Danish bank employee who became a member of the Danish resistance

Jutta Regitze Pilegaard Graae (1906–1997) was a Danish bank employee who became a member of the Danish resistance during the German occupation of Denmark in World War II. After first working as a contact for the resistance worker Ebbe Munck in Stockholm, she became so deeply involved in illegal activities that she had to move to Stockholm herself in September 1943. In 1944, she moved to London, where from January 1945 she joined the Special Operations Executive. After the war, she continued to work for Danish intelligence, becoming chief archivist for the Danish Defence Intelligence Service in 1956 until her retirement in 1960.

In 1947, Graae was made a member of the Order of the British Empire (MBE) for her service in World War II.

==Early life==
Born on 28 April 1906 in Hillerød, Jutta Regitze Pilegaard Graae was the daughter of Julius Constantin Pilegaard Graae (1876–1914) and Sigrid Christiane Sibbern Køhler (1878–1966).

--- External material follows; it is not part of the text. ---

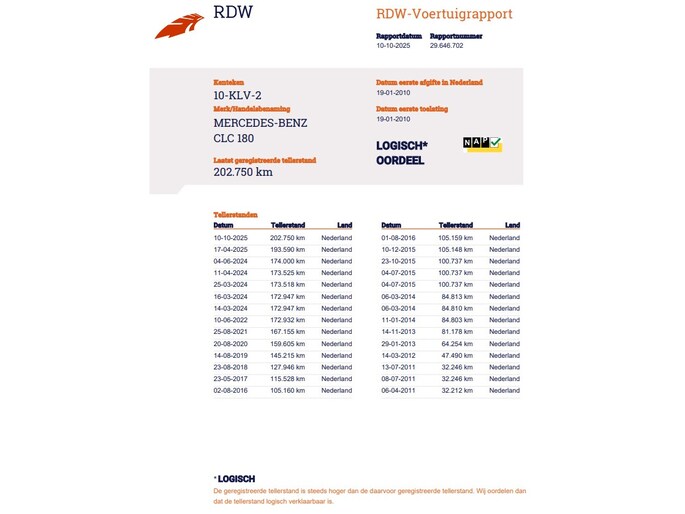 Kilometerstand gecontroleerd

After completing realskole, she became an assistant at the Disablement Insurance Tribunal. She then spent a year in London before taking up employment at Copenhagen's Sparekassen for Kjøbenhavn og Omegn.

==Resistance work==

Under the German occupation of Denmark in World War II, as the sister-in-law of the journalist Ebbe Munck who was involved in clandestine activities for British intelligence, Graae was able to collect information in her position at the savings bank. It was then forwarded by courier to Munck who was stationed in Stockholm, Sweden.

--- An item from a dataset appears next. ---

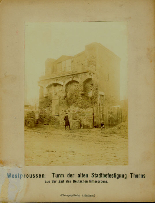 ![]() Entstehungsjahr: 1904 Photograph: ???? - auf Karton gezogen - Maße: Bild: 12,0 x 17,8 cm Karton: 18,8 x 24,2 Beschriftung vorn: Westpreussen. Turm der alten Stadtbefestigung Thorns aus der Zeit des Deutschen Ritterordens (Photographische Augnahme.) Beschriftung hinten: Stempel, blau: B 1 Westpr. Thorn Kastenstempel, blau: 1904 Stempel, rot: B 04260 Sch....dienst Berlin S.W.68 Kastenstempel, rot: Leihweise! Nach Reproduktion zurück Privatbesitz: Volker Krüger |

Graee's home on Rosenstandsvej in Ordrup was also used by resistance members to deposit items to be sent to Stockholm. It was here in May 1943 that a key meeting took place between Mogens Fog, Erling Foss and Frode Jakobsen where they discussed how best to coordinate resistance work.

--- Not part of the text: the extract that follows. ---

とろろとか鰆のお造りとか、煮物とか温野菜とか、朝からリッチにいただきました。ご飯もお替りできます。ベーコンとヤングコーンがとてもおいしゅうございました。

When the Germans disbanded the Danish Army and Navy in August 1943, key members of the resistance had to go underground. As a result, together with Volmer Gyth and P.A. Mørch of the intelligence service, Graae moved to Stockholm where she acted as secretary and hostess. She became so knowledgeable of resistance activities that in October 1944 she was invited to London to advise Major-General R.H. Dewing who was planning operations in Denmark. The following January she was transferred to the Special Operations Executive which was responsible for coordinating illegal contacts with Denmark.

Graae helped Danish resistance activist Edith Bonnesen escape to Sweden after Bonnesen escaped from the Gestapo headquarters in Copenhagen in August 1944.

She published her memoirs of her involvement in the Danish resistance in Værnepligt (1995).

==Post-war activities==
After the war, Graae moved to Washington, D.C., where she worked at the Danish embassy under Henrik Kauffmann. In 1947, she returned to Denmark to join the Defence Intelligence Service, where she became chief archivist in 1956 until her retirement in 1960. In December 1960, she married the estate owner Flemming Juncker (1904–2002) whom she had met while working in London.

On 25 March 1997, Jutta Graae died in Havndal in the east of Jutland where she is buried in the local cemetery.

==Awards and honours==
In 1947, Graae was awarded the Order of the British Empire. She was also honoured with King Christian X's medal for participation in World War II. In 1991, she received the Ebbe Munck prize.